If MATCHBY is specified, the columns in MATCHBY and PARTITIONBY are used to uniquely identify each row. If that's not possible, an error is returned. Even if MATCHBY isn't required, consider explicitly specifying MATCHBY to avoid any confusion.
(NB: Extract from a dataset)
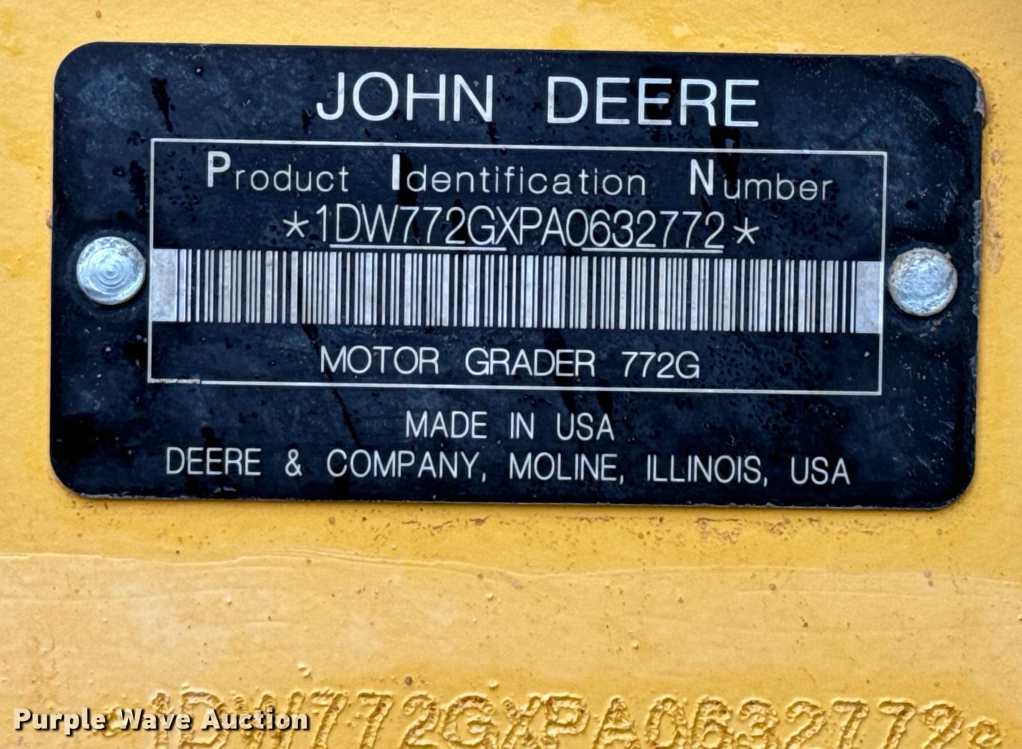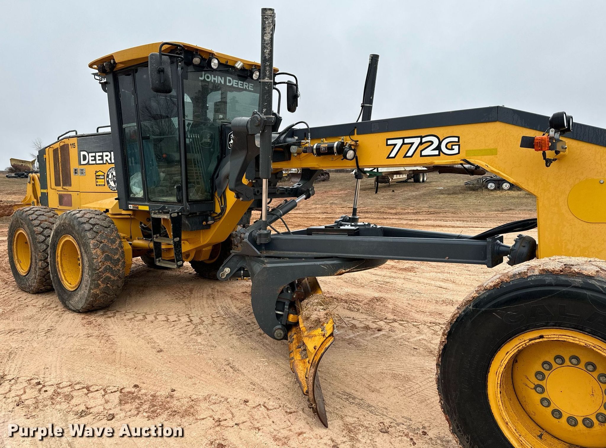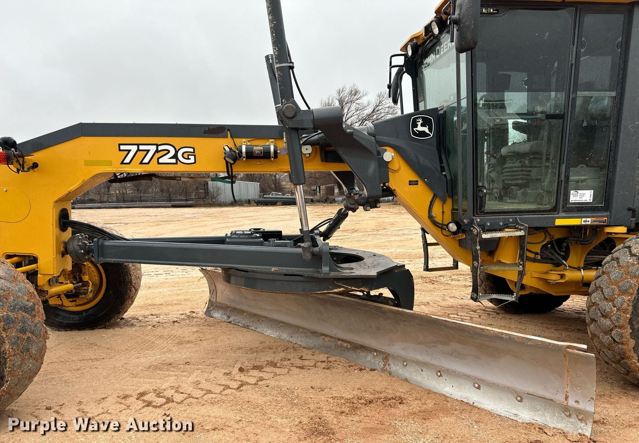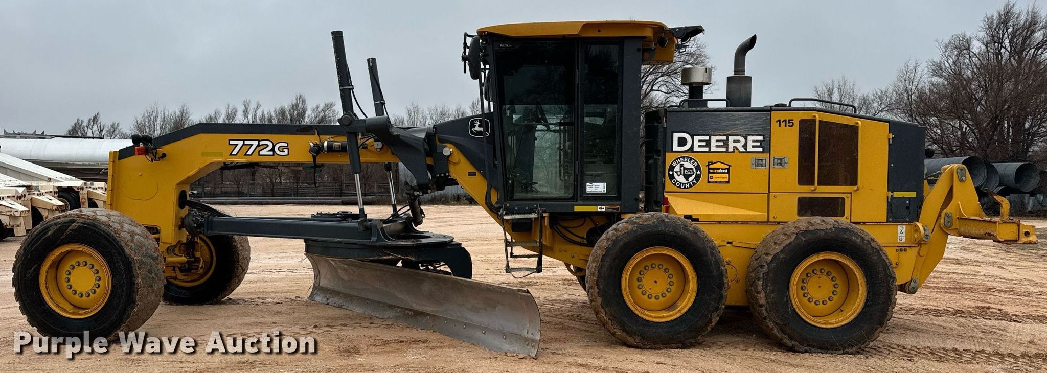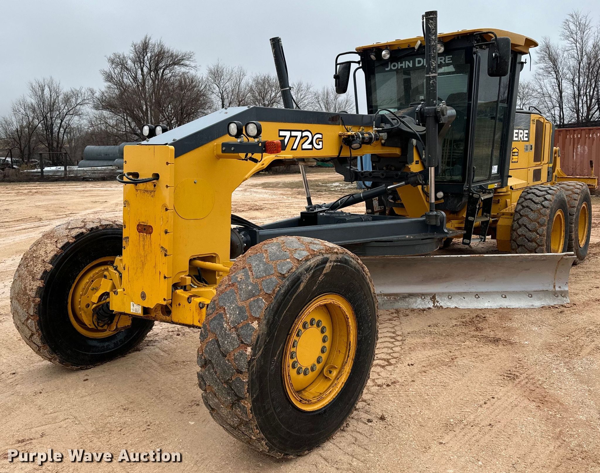Purple Wave is selling a used Motor Grader in Texas. This item is a 2011 John Deere 772G motor grader with the following: Hours: 5,491 on meter, Serial: 1DW772GXPA0632772

Continuing from the examples above, here's the last expression:
FinalResult =
VAR vRelation = SUMMARIZECOLUMNS (
DimProduct[Color],
DimDate[CalendarYear],
"CurrentYearSales", ROUND ( SUM ( FactInternetSales[SalesAmount] ), 0 )
)
RETURN
ADDCOLUMNS (
vRelation,
"YoYSalesForSameColor",
[CurrentYearSales] -
SELECTCOLUMNS (
OFFSET (
-1,
vRelation,
ORDERBY ([CalendarYear]),
PARTITIONBY ([Color])
),
[CurrentYearSales]
)
)
If we want to be explicit about how rows should be uniquely identified, we can specify MATCHBY as shown in the following equivalent expression:
FinalResultWithExplicitMATCHBYOnColorAndCalendarYear =
VAR vRelation = SUMMARIZECOLUMNS (
DimProduct[Color],
DimDate[CalendarYear],
"CurrentYearSales", ROUND ( SUM ( FactInternetSales[SalesAmount] ), 0 )
)
RETURN
ADDCOLUMNS (
vRelation,
"YoYSalesForSameColor",
[CurrentYearSales] -
SELECTCOLUMNS (
OFFSET (
-1,
vRelation,
ORDERBY ([CalendarYear]),
PARTITIONBY ([Color]),
MATCHBY ([Color], [CalendarYear])
),
[CurrentYearSales]
)
)
Since MATCHBY is specified, both the columns specified in MATCHBY as well as in PARTITIONBY are used to uniquely identify rows. Since Color is specified in both MATCHBY and PARTITIONBY, the following expression is equivalent to the previous expression:
FinalResultWithExplicitMATCHBYOnCalendarYear =
VAR vRelation = SUMMARIZECOLUMNS (
DimProduct[Color],
DimDate[CalendarYear],
"CurrentYearSales", ROUND ( SUM ( FactInternetSales[SalesAmount] ), 0 )
)
RETURN
ADDCOLUMNS (
vRelation,
"YoYSalesForSameColor",
[CurrentYearSales] -
SELECTCOLUMNS (
OFFSET (
-1,
vRelation,
ORDERBY ([CalendarYear]),
PARTITIONBY ([Color]),
MATCHBY ([CalendarYear])
),
[CurrentYearSales]
)
)
Since specifying MATCHBY isn't necessary in the examples we've looked at so far, let’s look at a slightly different example that does require MATCHBY. In this case, we have a list of order lines. Each row represents an order line for an order. An order can have multiple order lines and order line 1 appears on many orders. In addition, for each order line we have a ProductKey and a SalesAmount. A sample of the relevant columns on the table looks like this:
SalesOrderNumber | SalesOrderLineNumber | ProductKey | SalesAmount |
---|---|---|---|
SO51900 | 1 | 528 | 4.99 |
SO51948 | 1 | 528 | 5.99 |
SO52043 | 1 | 528 | 4.99 |
SO52045 | 1 | 528 | 4.99 |
SO52094 | 1 | 528 | 4.99 |
SO52175 | 1 | 528 | 4.99 |
SO52190 | 1 | 528 | 4.99 |
SO52232 | 1 | 528 | 4.99 |
SO52234 | 1 | 528 | 4.99 |
SO52234 | 2 | 529 | 3.99 |
Notice SalesOrderNumber and SalesOrderLineNumber are both required to uniquely identify rows.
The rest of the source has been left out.